Various Artists
Sci-Fi Lo-Fi Volume 1 (Mixed By Andrew Weatherall)
2007
B+



andrew Weatherall’s latest studio projects—the two Wrong Meeting albums with Keith Tenniswood as Two Lone Swordsmen—were accompanied by a listening diet of ‘50s and ‘60s rockabilly, psychobilly, surf-rock, psychedelic folk, and the darker sides of post-punk and new wave. Volume 1 of Soma’s new Sci-Fi Lo-Fi series is described as an accompaniment to Wrong Meeting, and works as a narrative explaining how Weatherall imagines this musical line stretching from these early forms and derivations of rock’n’roll into Two Lone Swordsmen’s retro-futuristic present.

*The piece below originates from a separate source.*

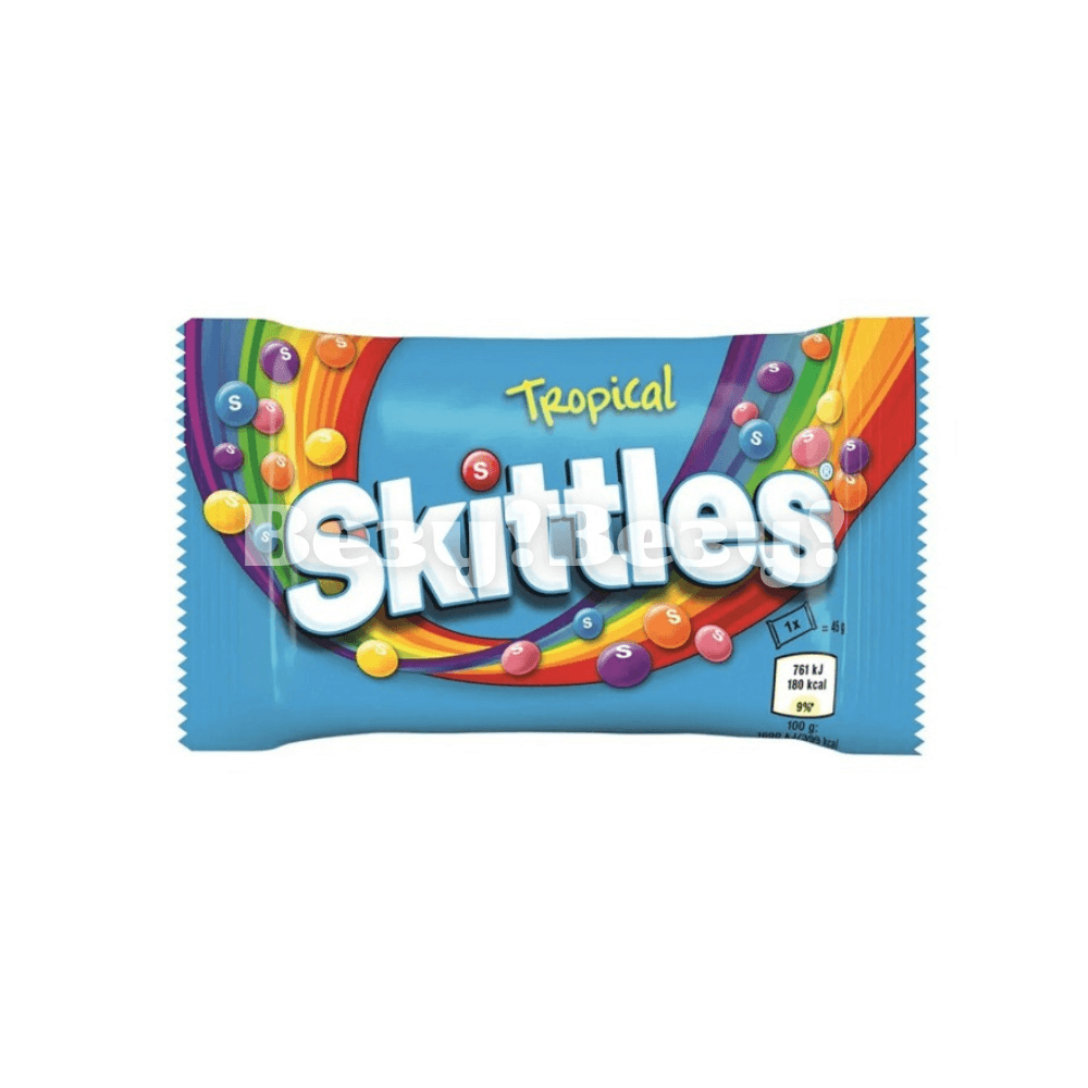 Драже Skittles Tropical – яркий микс тропических фруктовых вкусов в удобной упаковке 38 г. Наслаждайтесь сочными и насыщенными оттенками манго, ананаса, маракуйи и других экзотических фруктов.

Joe Boot and the Fabulous Winds’ “Rock ‘n’ Roll Radio” is his starting point, with the cheerily simplistic slogan “Ice cream ‘n’ soda pop, hope the music never stop!” demonstrating the length of this piece of musical string. The distance is covered though, over an hour-long set that begins with 25 minutes of rockabilly, surf rock, and ‘60s garage. There are clear predecessors to psychobilly here, like Hipbone Slim & the Knee-Tremblers’ wicked, maniacal “Snake Pit,” and Charlie Feathers’ delirious “Jungle Fever,” as well as the proto-Ramones “Jungle Rock” by Tav Falco & Panther Burns.

The second half moves into the modern age and features some bigger names like T-Rex, the Fall, and Primal Scream, but while they all retain the swing-beat to keep the story going, the highlights can be found elsewhere. Flaming Stars’ “Spilled Your Pint” has a menacing piano riff to underlie a story about drunken violence, and there’s a frankly bizarre cover of Diana Ross’ “Upside Down” by Tropics of Cancer that features a rumbling, echoey bassline and a disturbingly inappropriate vocal. But it’s the Cramps who steal the show with the trashy, ranting “New Kind of Kick.” Over a repeated garage riff and building tension, lead singer Lux Interior wails “I want some new kind of kick, a-waah waah waah!” like Iggy Pop at his most unhinged. Of all the mental instability on this disc—and that’s the recurring lyrical theme here—it’s the Cramps who carry off craziness with the most style. For all that Marc Bolan’s falsetto on “Free Angel” is beautiful, he just isn’t wild enough for this bunch.

It’s left up to Weatherall himself to round the set off with “Feathers,” from his recent EP The Bullet Catcher’s Apprentice. It’s propulsive and groovy, with a prominent scratching guitar motif and wide-open spaces filled with synths, processed basslines, and effects. On the face of it, it’s light years away from Joe Boot, but what it does share is the swing-beat that underpins the whole musical line: words like “propulsive” and “groovy,” as well as "driving," "chugging," "rolling," or "swinging," can be applied to everything here. It's dance music of a different kind, and Weatherall's thorough and fascinating guide to the half-century of inspiration he’s currently drawing from leaves whoever is in line to curate Volume 2 with a hard act to follow.